PCC argues that the Board must make a particularized showing of potential harm from disclosure because the Anthony affidavit was located in the file on the withdrawn July 24, charge rather than in the file on the pending August 5 charge. But the rule of Robbins Tire is not so easily circumvented. Under the rule, an affidavit is exempt from disclosure under Exemption 7(A) whenever the affiant is a potential witness in an ongoing or contemplated enforcement proceeding and the affidavit contains information relevant to such a proceeding. Disclosure of such an affidavit in such circumstances would expose the affiant to intimidation or harassment and would enable the suspected violator to construct defenses by obtaining "earlier and greater access to the Board's case than he would otherwise have." 437 U.S. at 241, 98 S. Ct. at 2326. See also New England Medical Center Hospital v. NLRB, 548 F.2d 377, 385-86 (1st Cir. 1976). Once the obvious relevance of the Anthony affidavit to the pending proceeding was shown, the affidavit was exempt from disclosure under Exemption 7(A), even though it was found in a different and technically "closed" file, and without regard to whether it was favorable to the Board's case, unfavorable, or (as the district court found) innocuous.

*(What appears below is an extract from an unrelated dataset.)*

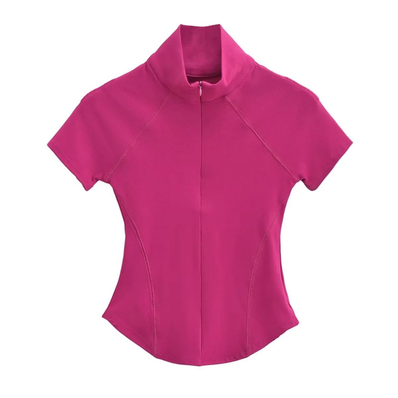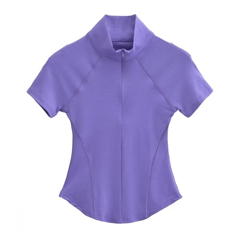 Pure Desire Hot Girl 폴로 칼라 타이트 티셔츠 여성 요가 라글란 반팔 하프 지퍼 바닥 탑 짧은 피트니스웨어스토어 가기

PCC contends the award of attorney's fees should be upheld even if the district court erred in ordering disclosure of the Anthony affidavit, because the court's order caused the Board to bring Anthony from Australia to testify so the Board could disclose his affidavit for use in cross-examination, and thus moot the order that would have required disclosure under FOIA.

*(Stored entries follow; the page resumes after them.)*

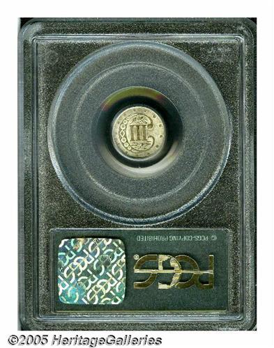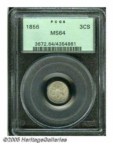 <B>1856<3CS> MS64 PCGS.</B></I> This trime has frosty surfaces with speckled olive-tan patina on the obverse and splashes of gold over the reverse. The shield and the III are well defined, but the remaining design elements are unevenly struck. There are no mentionable marks to report. Population: 57 in 64, 23 finer (4/05).
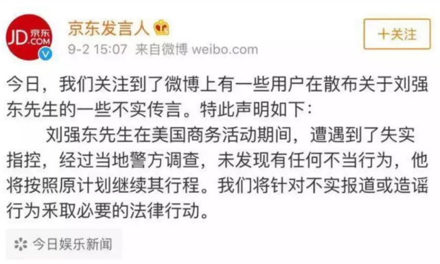 北京時間 9 月 2 日下午 3 點(diǎn) 07 分,京東發(fā)言人在微博上發(fā)聲明稱網(wǎng)上為 " 不實(shí)傳言 ",并表示 " 劉強(qiáng)東在美國商務(wù)活動期間,遭遇到了失實(shí)指控,經(jīng)過當(dāng)?shù)鼐秸{(diào)查,未發(fā)現(xiàn)有任何不當(dāng)行為,他將按照原計(jì)劃繼續(xù)其行程。我們將針對不實(shí)報(bào)道或造謠行為釆取必要的法律行動。"
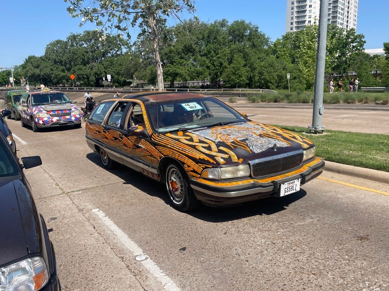Reflectra’s concept evolved from divergent sources. Inspiration originated from: jewelry design, reflective jogging and biking apparel, Union Pacific™ railroad locomotives, with their reflective red trim, an interest in vehicle conspicuity for safety, and other artcars, especially Tim Klein’s magnificently executed Yarn Car.---- For years, I spectated at the Houston Art Car Parade. I always came back wanting to make an art car. Eventually, I had a concept that I would be proud to drive every day, so I pulled the trigger and made BUICK REFLECTRA! Participating in the art car community has been rewarding. Interesting, intelligent people!

Even if we assume PCC "substantially prevailed" in its suit under the Act by causing the Board to adopt this strategy (Cf. Vermont Low Income Advocacy Council, Inc. v. Usery, 546 F.2d 509, 513 (2d Cir. 1976)), the fee award was nonetheless improper. In ruling on requests for an award of attorney's fees under FOIA, "(c)ourts are expected to consider the benefit to the public derived from the case, the commercial benefit to the complainant, the nature of the complainant's interest in the records, and whether the government withholding of the records has a reasonable basis in law." Long v. IRS, 596 F.2d 362, 370 (9th Cir. 1979). All of these factors militate against a fee award to PCC. The Board's claim of exemption was not only reasonable but correct. By contrast, PCC's interest in obtaining disclosure of the Anthony affidavit was wholly commercial and sufficiently strong in itself "to insure the vindication of rights" under the Act. Blue v. Bureau of Prisons, 570 F.2d 529, 534 (5th Cir. 1978). The contested affidavit dealt with a limited, local, routine labor dispute; disclosure was unlikely to result in widespread dissemination, or substantial public benefit. Awarding attorney's fees in such a case would "merely subsidize a matter of private concern" at taxpayer expense. Blue v. Bureau of Prisons, supra, 570 F.2d at 533-34. No fee award was justified.